DATASET SECTION:

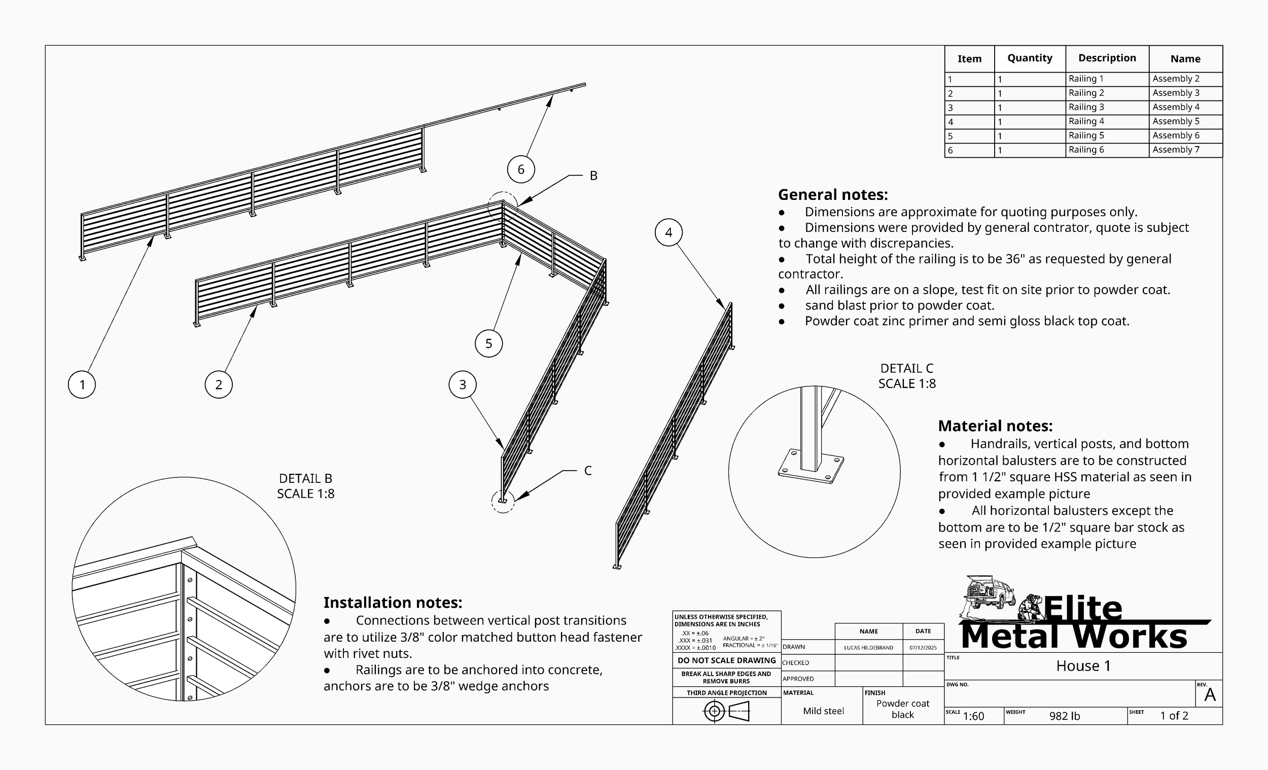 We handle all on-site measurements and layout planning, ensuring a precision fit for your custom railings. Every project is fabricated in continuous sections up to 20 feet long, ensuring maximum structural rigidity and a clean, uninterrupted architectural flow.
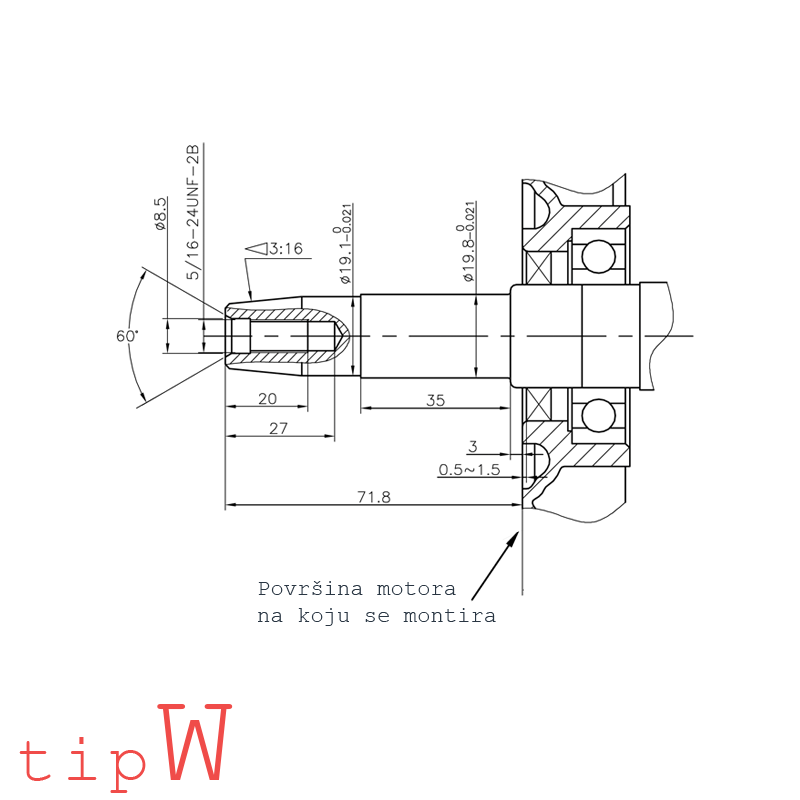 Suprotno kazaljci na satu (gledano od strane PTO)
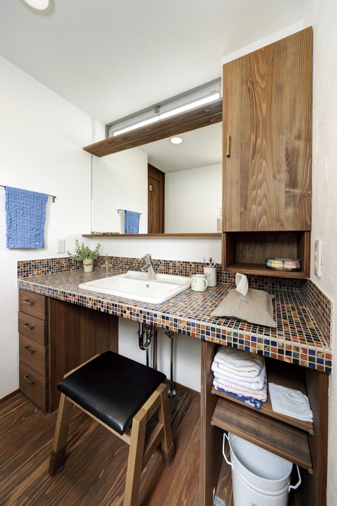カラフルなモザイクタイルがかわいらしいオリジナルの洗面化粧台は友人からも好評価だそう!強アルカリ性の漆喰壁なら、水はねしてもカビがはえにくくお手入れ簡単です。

WHAT THIS TASK INVOLVES:
Every line from the one containing "Suprotno kazaljci na" to the last line of the material must be returned exactly. Leave out any pictures.

ANSWER AREA:
 Suprotno kazaljci na satu (gledano od strane PTO)
カラフルなモザイクタイルがかわいらしいオリジナルの洗面化粧台は友人からも好評価だそう!強アルカリ性の漆喰壁なら、水はねしてもカビがはえにくくお手入れ簡単です。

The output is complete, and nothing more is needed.